Query multiple fields with the general view

`hive (hive_explode)> select goods_id2,sale_info from explode_lateral_view LATERAL VIEW explode(split(goods_id,','))goods as goods_id2;`

Among them, the later view expand (split (goods_id, ')) goods is equivalent to a virtual table, which is associated with the original table expand_later_view Cartesian product.

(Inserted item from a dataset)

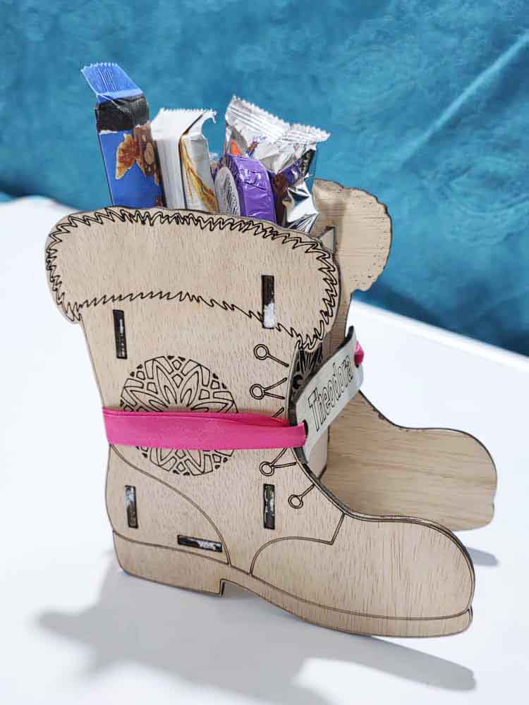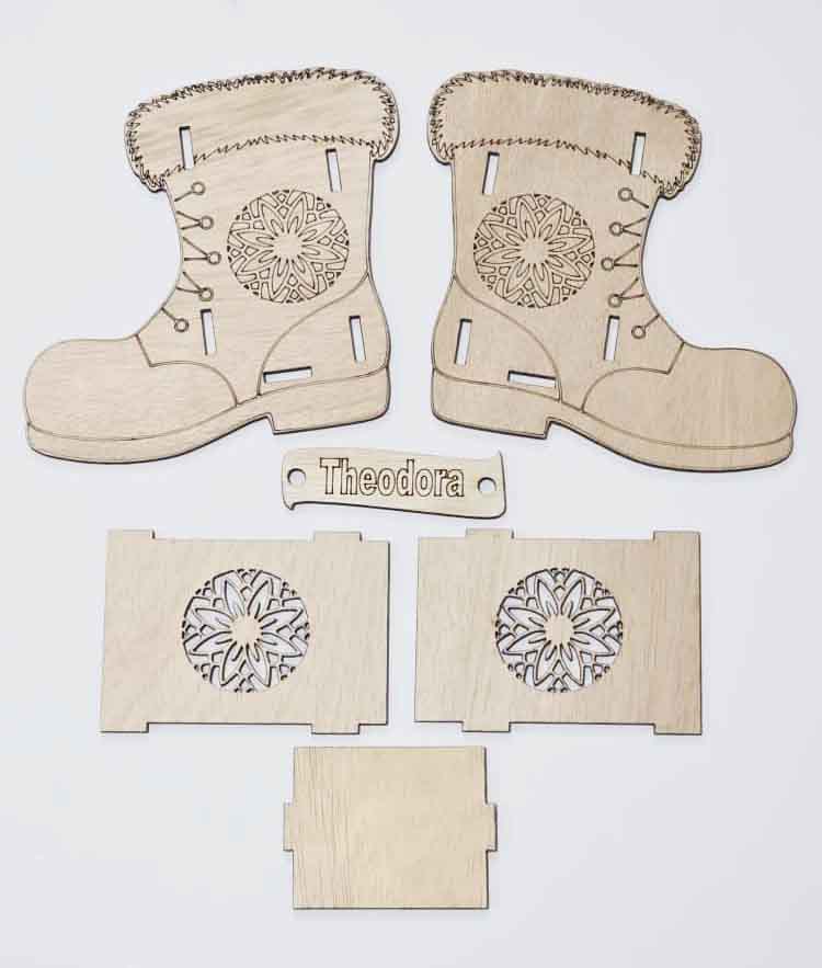 Produs personalizabil! Cutie pentru cadouri Gheata lui Moș Nicolae, realizată din placaj, cu dimensiunile de18x18x9 cm. Conține 6 piese, cu grosimea de 4 mm. Poate fi folosită pentru a fi umplută cu dulciuri sau mici atenții pentru a fi găsită de copii în dimineața de Moș Nicolae. Setul vine neasamblat, pentru a fi montat de copii, iar plăcuța cu numele copilului este personalizabilă. Montajul ghetuței este intuitiv, ca în fotografiile atașate. Pentru lipit, recomandăm aracetul.

It can also be used multiple times

`hive (hive_explode)> select goods_id2,sale_info,area2 from explode_lateral_view  LATERAL VIEW explode(split(goods_id,','))goods as goods_id2 LATERAL VIEW explode(split(area,','))area as area2;`

It's also the result of Cartesian product of three tables

Finally, we can use the following sentence to completely transform a row of data in json format into a two-dimensional table

`hive (hive_explode)> select get_json_object(concat('{',sale_info_1,'}'),'\$.source') as source, get_json_object(concat('{',sale_info_1,'}'),'\$.monthSales') as monthSales, get_json_object(concat('{',sale_info_1,'}'),'\$.userCount') as monthSales,  get_json_object(concat('{',sale_info_1,'}'),'\$.score') as monthSales from explode_lateral_view   LATERAL VIEW explode(split(regexp_replace(regexp_replace(sale_info,'\\[\\{',''),'}]',''),'},\\{'))sale_info as sale_info_1;`

Conclusion:

In order to solve the problem that UDTF is not allowed in the select field, the later view usually appears together with UDTF.
Multiple linear view can realize Cartesian like product.
The Outer keyword can output the NULL result of UDTF that is not output to NULL to prevent data loss.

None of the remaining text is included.